Many companies do not preserve text messages or instant messages in the ordinary course of business, given that such activity typically takes place through phone carriers or external programs. Moreover, mobile devices and instant messaging applications are usually set to automatically delete these messages after a certain period of time, or the user may simply delete them.

The general rule is that there is no duty to preserve text messages and instant messages if a party does not routinely save those messages and litigation is not anticipated.

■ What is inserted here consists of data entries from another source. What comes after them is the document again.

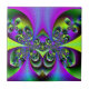 une tuile colorée de conception d'art de fractale des papillons vert-foncé avec l'arrière - plan pourpre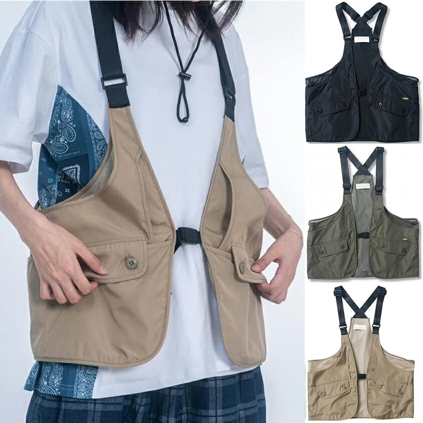 ポケット付き メッシュ アウトドアベスト 通気 釣り ~5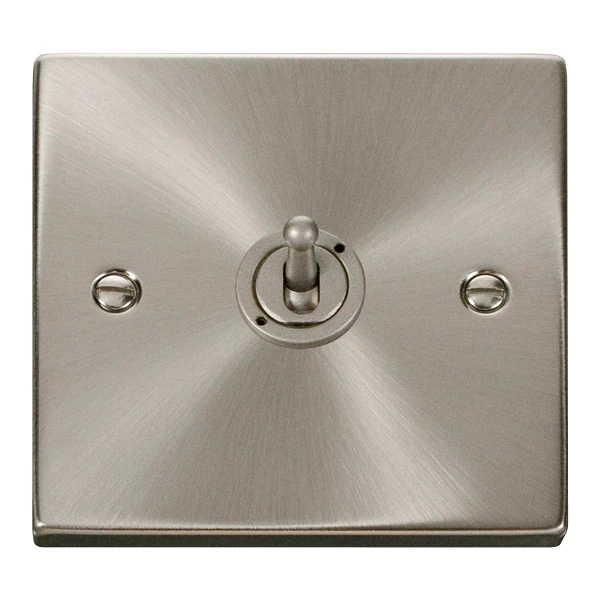 Scolmore Deco Toggle Switch with antique satin chrome finish stainless steel front plate. This smooth modern lines of the Deco plate switch will fit easily into traditional and contemporary designs alike. It is developed largely as a modular range. · · · Satin chrome finish · · 10A current rating · · BS EN 60669 standards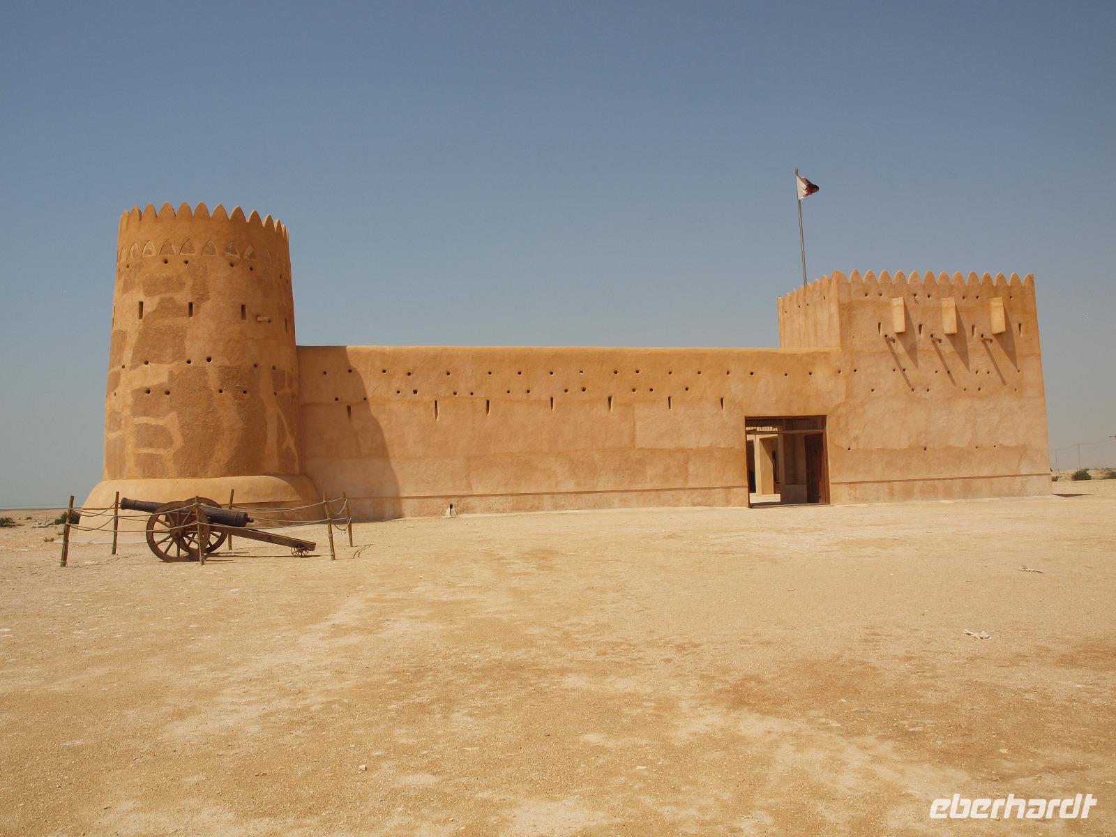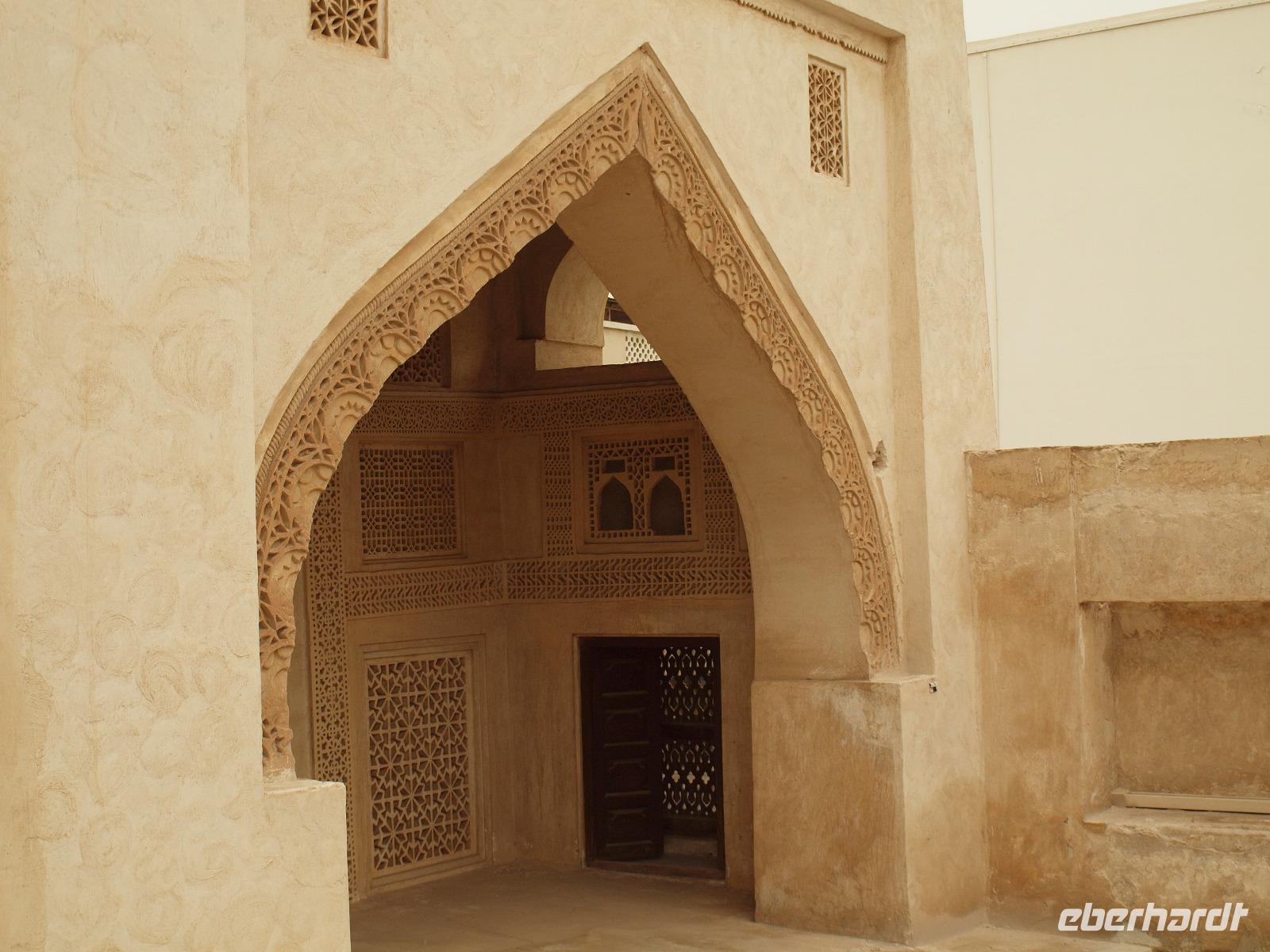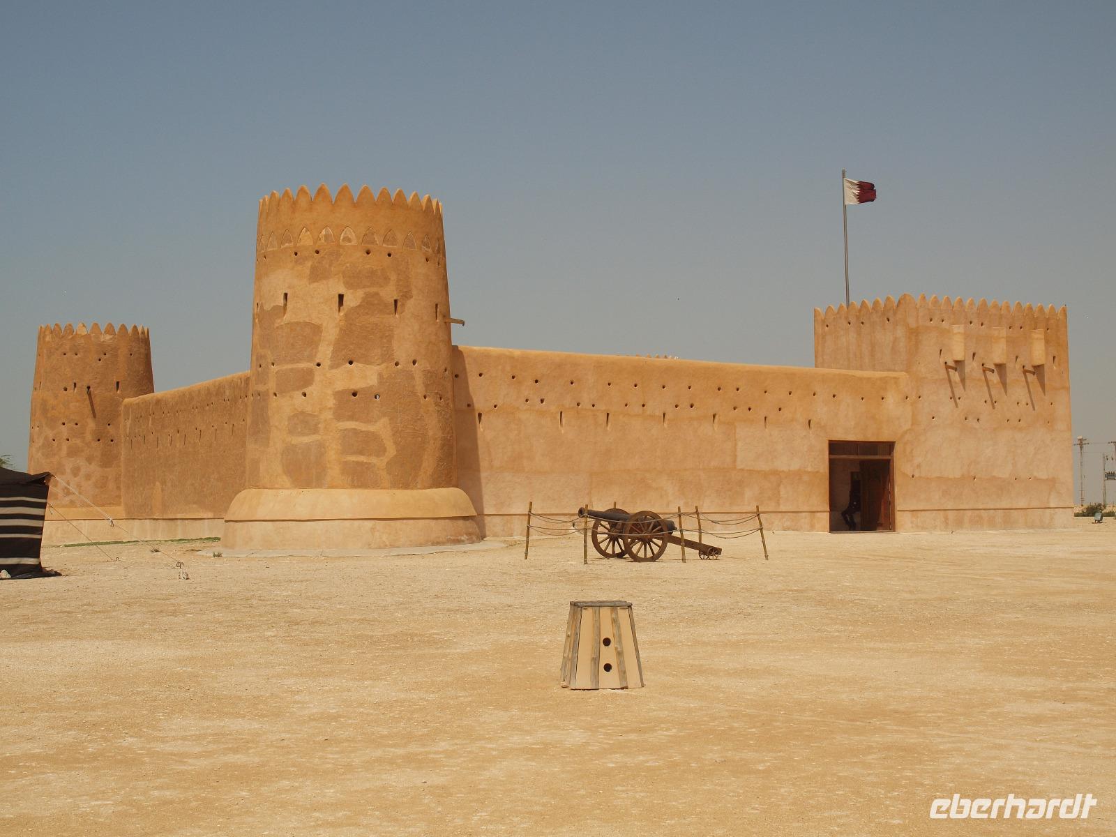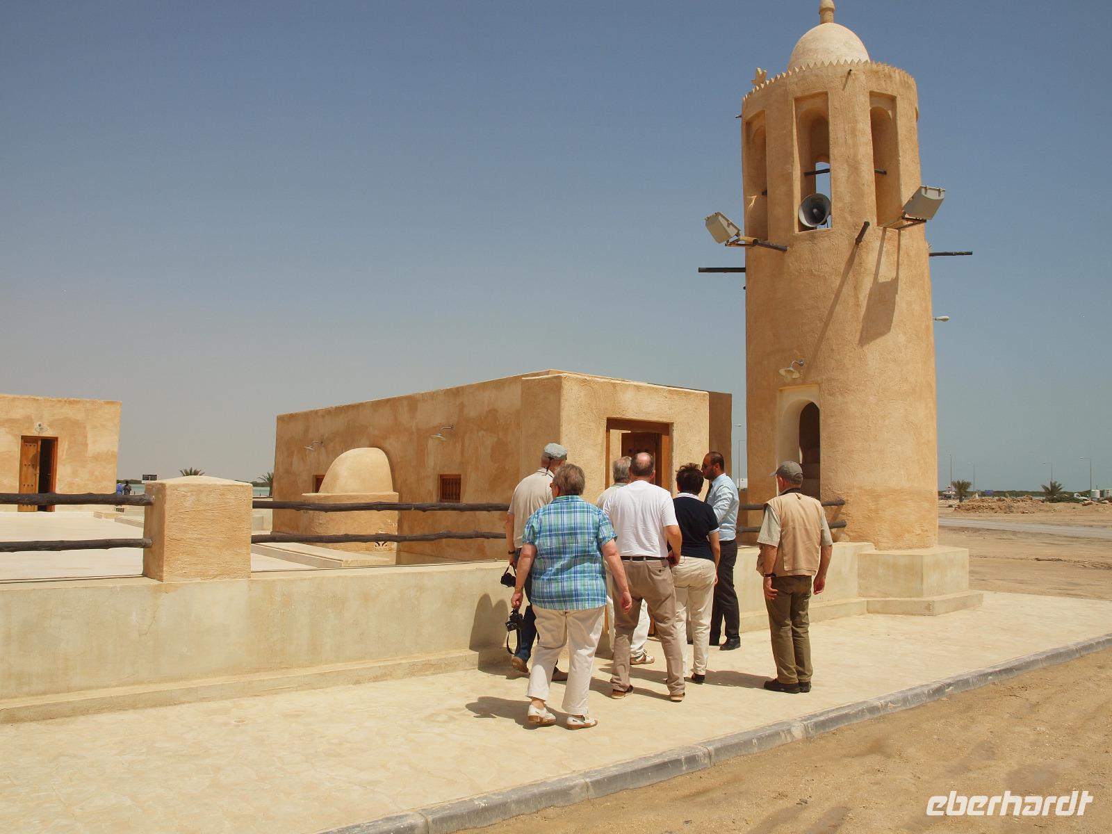Wir fahren weiter in Richtung Nationalpark, Al Thakira. Hier halten wir am Strand und können von weitem schon die Mangroven erkennen. Ein willkommener Anblick und ein guter Kontrast zur Großstadtatmosphäre in Doha. Gleich in der Nähe befindet sich eine kleine Moschee. Diese können wir sogar ohne besondere Kleiderordnung betreten, da sie sich im Moment noch in der Renovierung befindet. Von der Ostküste Katars geht es nun weiter in Richtung Nordwesten. Hier liegt noch unter viel Sand vergraben, die alte Küstenstadt Al Zubara. Wir können uns im Fort der Stadt, welches heute als kleines Museum dient, ein Bild der Geschichte der Stadt machen. Das Fort selbst diente früher der Verteidigung des Küstenabschnittes. Von Al Zubara aus machen wir noch einen Abstecher an die nördlichste Spitze von Katar, der Hafenort Al Ruwais ist ein eher verschlafener Ort und so zieht es uns eher wieder zurück in den Trubel der Großstadt. Zurück in Doha spazieren wir noch einmal über den Souk Waqif. Sahel zeigt uns den Goldsouk und später auch den Falkensouk. Ja, wirklich, ein eigener Souk für den Verkauf von Falken und deren Zubehör. Über die Bedeutung der Falken werden wir jedoch erst in Abu Dhabi mehr erfahren...

However, once litigation is anticipated or commences, counsel needs to be prepared to advise their clients as to whether text messages and instant messages should be preserved.

Failure to Preserve Text Messages and Instant Messages May Result in Sanctions

Given the increased use of text messaging and instant messaging for business purposes, it is not surprising that courts are requiring parties to produce such information.

For example, a federal district court in Minnesota held that the plaintiff was entitled to discovery of text messages and voice messages contained on a company-issued mobile phone of the defendant’s employee. Ewald v. Royal Norwegian Embassy, 11-CV-2116 (SRN/SER), 2013 WL 6094600, at *7 (D. Minn. Nov.  20, 2013). The court also rejected the defendant’s argument that it was unaware of its obligation to produce text messages because “[i]t is no surprise to any of the parties in this case that there were tablets, text messages, cell phones and laptops involved. All of these devices were known prior to the initiation of litigation, and it is common knowledge that ESI is contained all of these devices.” Id. at *10.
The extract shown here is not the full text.